Lecture-14 ( Object Storage and CDN-S3, Glacier and CloudFront )
S3-101:
- S3 provides secure, highly-scalable object storage. Spread through multiple devices and facilities. Designed to sustain the loss of 2 facilities concurrently.
- Files size limit is upto 5 TB.
- Object based storage (images, video etc are each considered as a one Object). But for installing OS or running a DB, we need block based S3 buckets are managed GLOBALLY.
- Unlimited storage.
- Files are stored in Buckets (Folder).
- S3 has universal namespace (names must be unique globally)
- Creating a bucket actually create a DNS address like this
https://s3-eu-west-1.amazonaws.com/acloudguru
eu-west-1 is region name and
acoulguru is Bucket name. Rest of the URL is fixed.

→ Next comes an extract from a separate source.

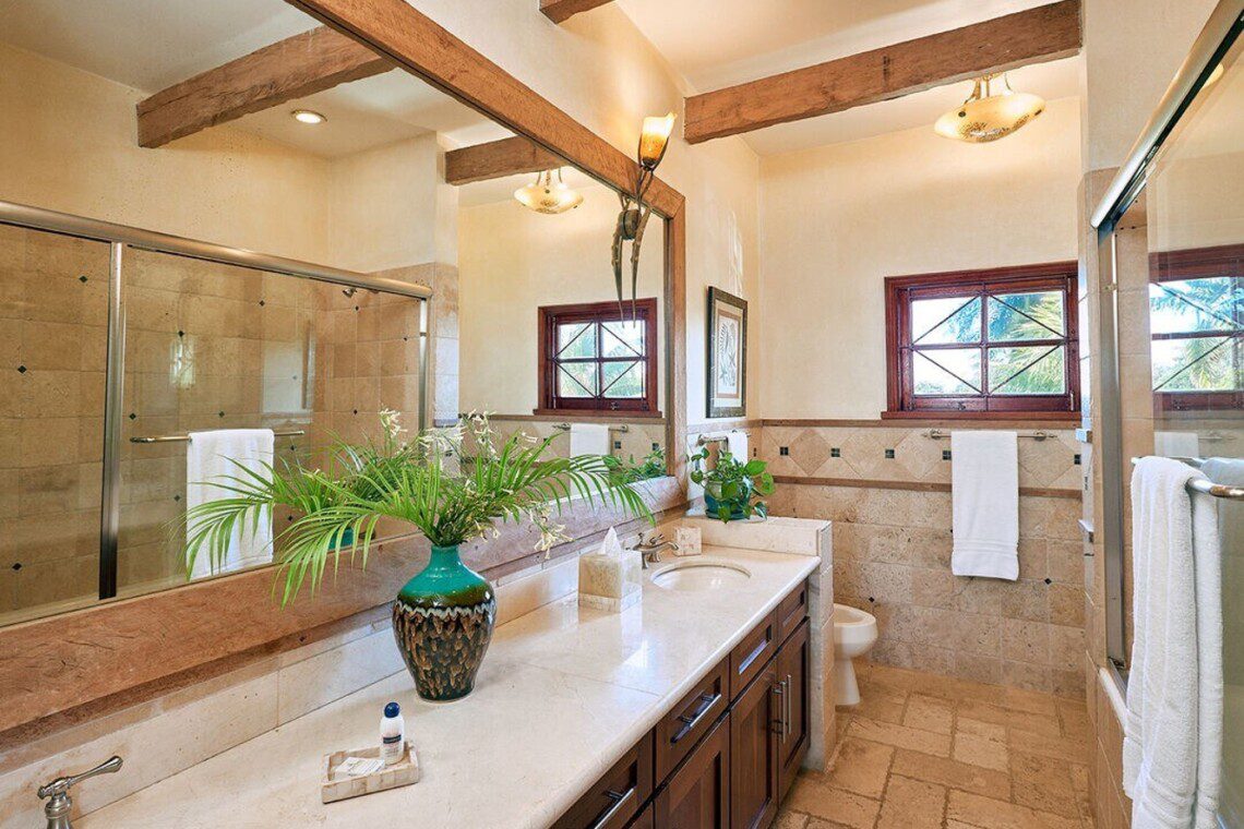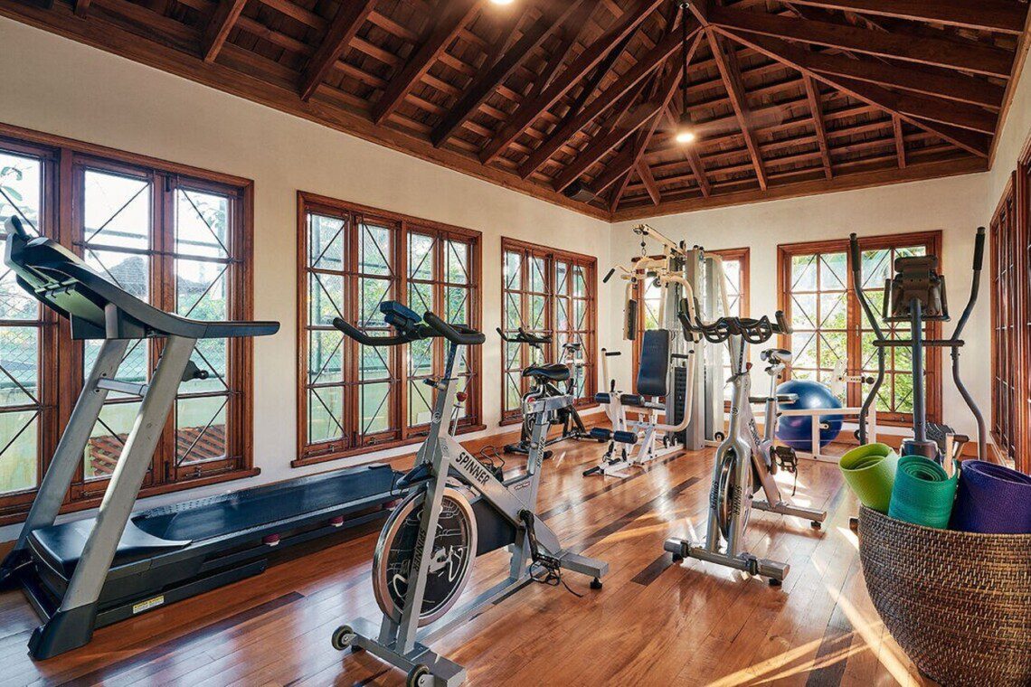 Whispering Waters is a new beachfront luxurious villa, 7 bedrooms, all air-conditioned, fully staffed, tennis court, Jacuzzi and private swimming pool! Fully air-conditioned fitness gym!

So, the URL format will be always:
https://s3-RegionName.amazonaws.com/BucketName
- After every successful file upload we will get a HTTP 200 response.
- Read After Write consistency for PUTS of new Objects. :-means we can immediately read the file after write.
- Eventual Consistency for overwrite PUTS and DELETES (some time for propagation) :-means in case of update/delete it may take some time for the changes to be in effect.
- Updates of files in S3 are atomic. That means we will get either NEW or OLD version of file. (not a partial or corrupted file)
- Key-value storage. (name of the file – data of file)
- Files will have Version ID, Metadata (file creation/update date, author etc.) and Subresources (it includes Access control list and Torrent)
- S3 supports bittorrent protocol.
- S3 is designed to be Lexicographical (stored in alphabetic order). Suppose for log file created with date & time as file name will have very similar file names. For this, files will be stored in same sort of area, which is a performance bottleneck. So, we can add a random SALT at the start of the file name. This way the objects will be stored evenly across S3.
- Amazon guarantee 99.99% availability in SLA (Service Level Agreement).
- Amazon guarantees 99.999999999% durability for S3 information. We call it 11 x 9’s
- Tiered storage available.
- File’s Lifecycle Management: There are various TIER for file storage in S3. We can automatically transfer a file to different tier after certain days. Lets say after 30days we can schedule a file to move to another tier and after 90days archive it (if we want).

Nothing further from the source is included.